> [Working data]:
_____
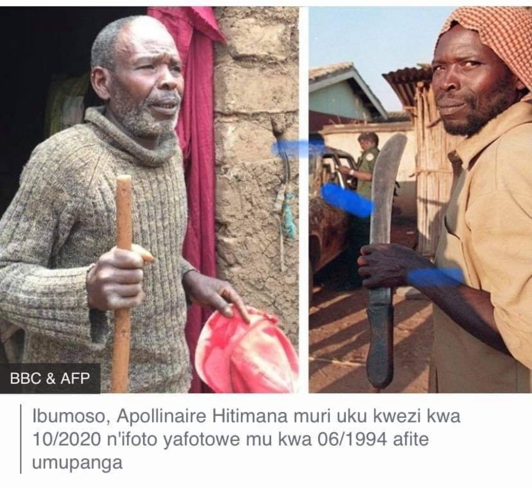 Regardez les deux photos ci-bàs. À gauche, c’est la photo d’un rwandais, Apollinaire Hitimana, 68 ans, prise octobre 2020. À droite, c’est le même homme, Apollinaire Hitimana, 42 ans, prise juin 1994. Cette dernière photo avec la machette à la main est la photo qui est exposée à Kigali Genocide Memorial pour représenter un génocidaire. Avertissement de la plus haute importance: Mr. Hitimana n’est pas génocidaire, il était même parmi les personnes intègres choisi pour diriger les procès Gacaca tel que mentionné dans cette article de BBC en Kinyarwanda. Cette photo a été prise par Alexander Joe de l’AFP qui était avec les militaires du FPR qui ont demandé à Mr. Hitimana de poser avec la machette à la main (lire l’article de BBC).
_____
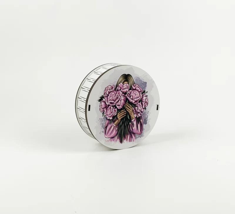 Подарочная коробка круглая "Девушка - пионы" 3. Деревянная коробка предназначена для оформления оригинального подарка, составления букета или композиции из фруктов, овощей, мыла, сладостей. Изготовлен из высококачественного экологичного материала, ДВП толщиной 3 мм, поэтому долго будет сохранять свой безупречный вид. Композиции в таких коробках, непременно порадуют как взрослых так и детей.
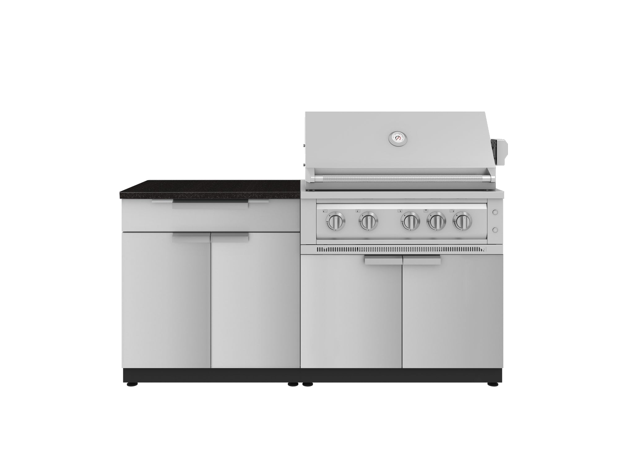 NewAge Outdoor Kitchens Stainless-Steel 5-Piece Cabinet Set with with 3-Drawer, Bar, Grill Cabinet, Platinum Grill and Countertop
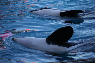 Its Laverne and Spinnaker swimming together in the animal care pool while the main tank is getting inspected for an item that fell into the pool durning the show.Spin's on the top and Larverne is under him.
_____
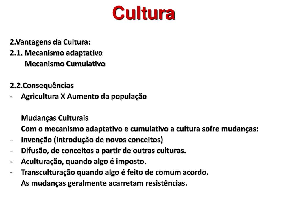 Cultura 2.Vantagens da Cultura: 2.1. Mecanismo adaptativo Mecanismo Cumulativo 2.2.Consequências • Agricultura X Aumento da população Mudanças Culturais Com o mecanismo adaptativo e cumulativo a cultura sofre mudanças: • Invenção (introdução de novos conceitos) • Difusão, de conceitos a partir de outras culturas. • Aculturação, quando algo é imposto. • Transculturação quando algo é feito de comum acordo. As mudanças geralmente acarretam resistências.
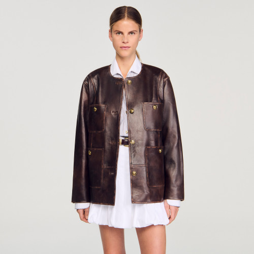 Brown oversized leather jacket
_____
> [Your objective]:
Copy word for word the span of the records above that begins at the line with "NewAge Outdoor Kitchens" and ends at the line with "Its Laverne and", including those two lines but not the pictures.

> [Result for this exercise]:
 NewAge Outdoor Kitchens Stainless-Steel 5-Piece Cabinet Set with with 3-Drawer, Bar, Grill Cabinet, Platinum Grill and Countertop
 Its Laverne and Spinnaker swimming together in the animal care pool while the main tank is getting inspected for an item that fell into the pool durning the show.Spin's on the top and Larverne is under him.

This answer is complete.